Fuq! Fuq! Fuq! :mad2:


----------



## Cajon (Nov 1, 2012)

Hero mode activated. :sigh:


----------



## Wilt_The_Stilt (Jun 7, 2002)

Metta gets blown by and then Kobe takes a terrible shot.


----------



## Basel (Mar 31, 2005)

*Sigh*

I don't know what to say anymore.


----------



## Wilt_The_Stilt (Jun 7, 2002)

Wow Harden is just blowing by Metta.


----------



## Cajon (Nov 1, 2012)

Where's Pau when you need someone to blame? llullz


----------



## Adam (Jan 28, 2003)

Why did Howard spike that block into the third row? He could have just kept it in bounds. Houston scored on that play.


----------



## jazzy1 (Jul 16, 2002)

Joey crawford is a shitheadn we are a bad team plain and simple another 4th quarter collapse we have all the hallmarks their bench has destroyed us.


----------



## Cajon (Nov 1, 2012)

Wow!


----------



## Cajon (Nov 1, 2012)

What a rebound by Duhon. :drool:


----------



## jazzy1 (Jul 16, 2002)

wow great rebound by Duhon incredibly we still got a chance great 3 by Kobe


----------



## Wilt_The_Stilt (Jun 7, 2002)

Let's see if Pringles can draw something up or just has Kobe iso.


----------



## Cajon (Nov 1, 2012)

Nooooooooo!


----------



## Wilt_The_Stilt (Jun 7, 2002)

Maybe Kobe should put on his big boy pants and play team ball instead of jacking shots.


----------



## jazzy1 (Jul 16, 2002)

I don't know Kobe was open but shoulda went for 2 Metta rebounds and instead of going straight up fades. damn a stupid ass loss just a terrible loss.


----------



## Jamel Irief (May 19, 2002)

Most painful loss of the year 


Sent from my iPhone using Verticalsports.com Free App


----------



## jazzy1 (Jul 16, 2002)

Wilt_The_Stilt said:


> Maybe Kobe should put on his big boy pants and play team ball instead of jacking shots.

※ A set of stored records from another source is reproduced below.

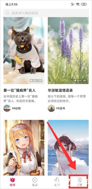 2、进入小米画报界面,找到并点击右下方标注 “设置” 的选项;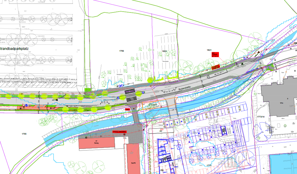 Im Zuge der Planungen um ein Bodan-Hotel beabsichtigt die Gemeinde das letzte Teilstück der Bodanstraße vom Naturstrandbad bis zum Bodan-Areal auch noch zu sanieren. Neben Asphalt- und Kanalarbeiten soll südlich der Bodanstraße ein neuer Gehweg angelegt werden, der eine durchgängige Fußläufigkeit zum Naturstrandbad ohne einen Wechsel der Straßenseite ermöglicht. Die Gehwege werden gepflastert, der Zugangsbereich zum Naturstrandbad optisch aufgewertet und verbreitert.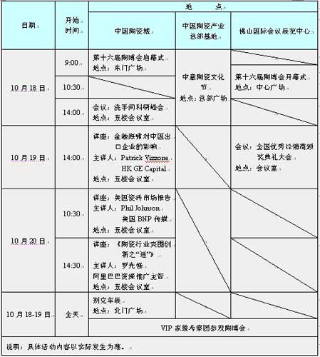 第十六届中国[佛山]国际陶瓷及卫浴博览交易会活动列表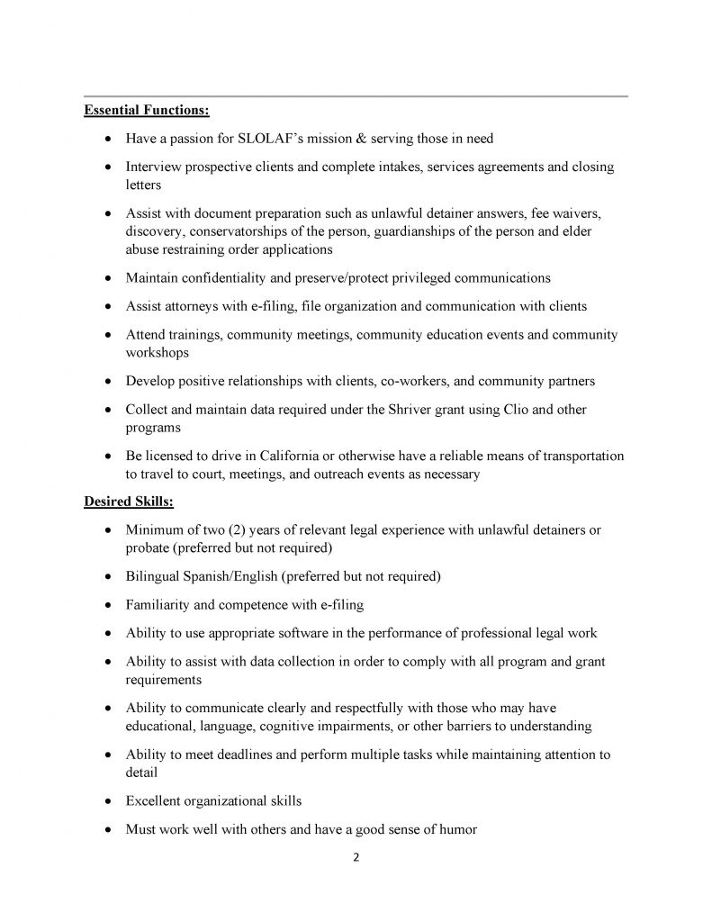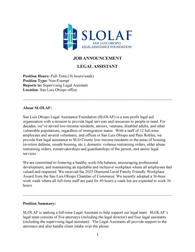 SLOLAF is seeking a full-time Legal Assistant to help support our legal team. SLOLAF’s legal team consists of five attorneys (including the legal director) and four legal assistants (including the supervising legal assistant). The Legal Assistants all provide support to the attorneys and also handle client intake over the phone.

who should he have passed it to. we don't have any ****ing shooters and its not like Dantoni woulda put Meeks on the floor to draw up a misdirection play.


----------



## Jamel Irief (May 19, 2002)

Ok I have to ask... Wtf metta? Did he think we needed a 3 start to turn around... and then realized a layup could tie it?


Sent from my iPhone using Verticalsports.com Free App


----------



## Wilt_The_Stilt (Jun 7, 2002)

jazzy1 said:


> who should he have passed it to. we don't have any ****ing shooters and its not like Dantoni woulda put Meeks on the floor to draw up a misdirection play.


It's not just one play. Kobe's iq seems to drop 20 points at the end of games.


----------



## Jamel Irief (May 19, 2002)

Wilt_The_Stilt said:


> Maybe Kobe should put on his big boy pants and play team ball instead of jacking shots.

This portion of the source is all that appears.